= Not a Fiction =

Bangladeshi short film

Not a Fiction is a Bangladeshi short film produced, directed, and shot by Shah Newaz Khan Cju. The film is presented in a one-shot format and addresses the issue of extrajudicial killings.

== Plot ==
The film highlights the issue of an extrajudicial killing case. It reflects a grim reality that persists across the globe.

== Cast ==
The cast includes:

- Udoyon Rajib
- Naymul Alam Mishu
- Rudroneel Ahmed
- Oishik Sami Ahmed
- Zawad Soudho
- Mithun

== Production ==
The film was co-produced by Sadia Khalid Reeti, a film critic and FIPRESCI jury member at the Cannes Film Festival & executive produced by MD Asif. The sound design was handled by Ripon Nath and Rony Sazzad, with Rashaduzzaman Shohag in charge of color grading. The editing team comprised Leon Rozario and Tanvir Ahmed Rony, assisted by Al Amin Sumon and MD Aman Khan.

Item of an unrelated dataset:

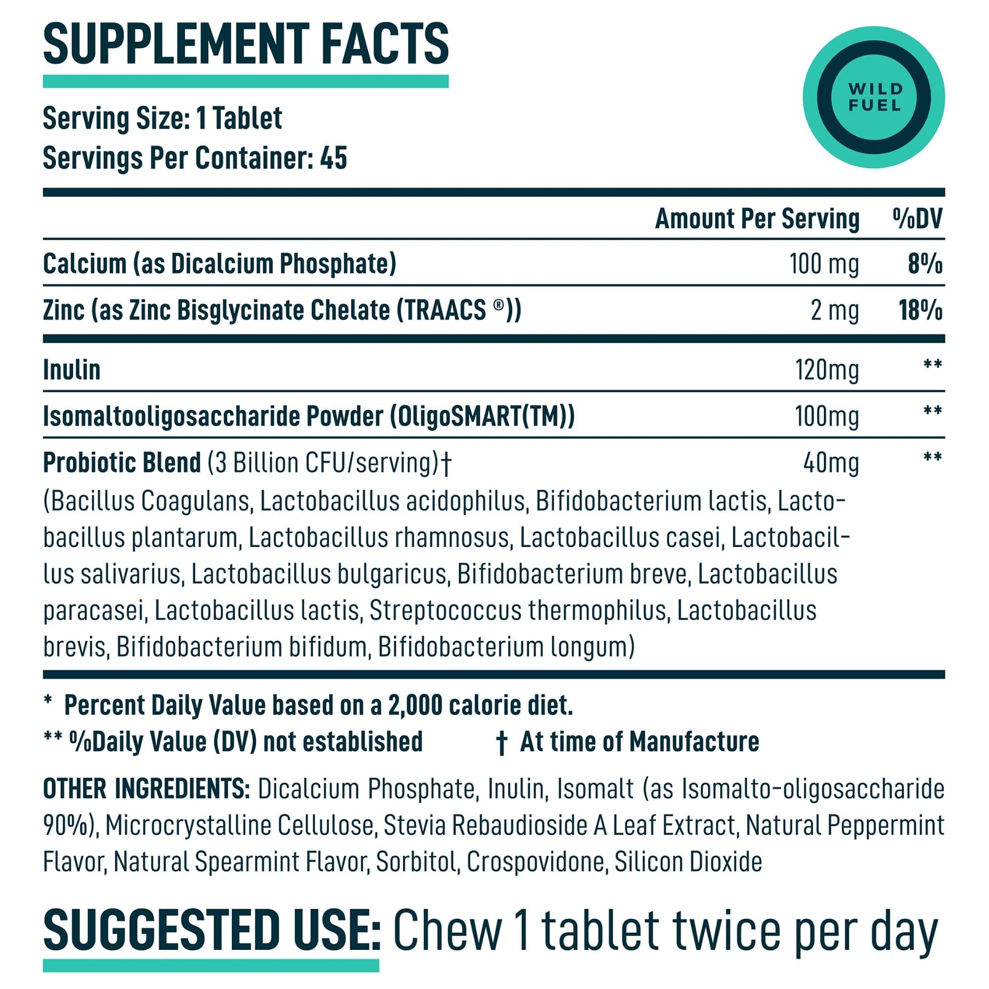 • Dental Probiotics for Fresh Breath - Fight Bad Breath, Restore Healthy Bacteria - Wild Fuel Vegetarian Oral Health Support - 3bn CFU Paracasei, Reuteri, Sakei, Salivarius - 45 Tablets in a Travel Tin

== Release and screenings ==
Not a Fiction was selected for several film festivals, including:

- Hamilton Film Festival (Canada, 2023)
- Silver Wave Film Festival (Canada, 2023)
- 33rd Cinequest Film & VR Festival (California, 2024)
- 19th Tasveer Film Festival & Market (Seattle, Washington, 2024)
- 18th Beirut Shorts International Film Festival (Lebanon, 2024)
- Prague Film Festival (Czech Republic, 2025)

It was also screened at:

- Vienna International Film Awards (2024)
- 3rd AIU Kuwait International Film Festival (2024)
- Erie International Film Festival (USA, 2024)
- International Usak Short Film Festival (2024)
- Golden Bridge International Short Film Festival (Turkey, 2024)
- Serbest International Film Festival (Moldova, 2024)

The film was featured on the international OTT platform MUBI.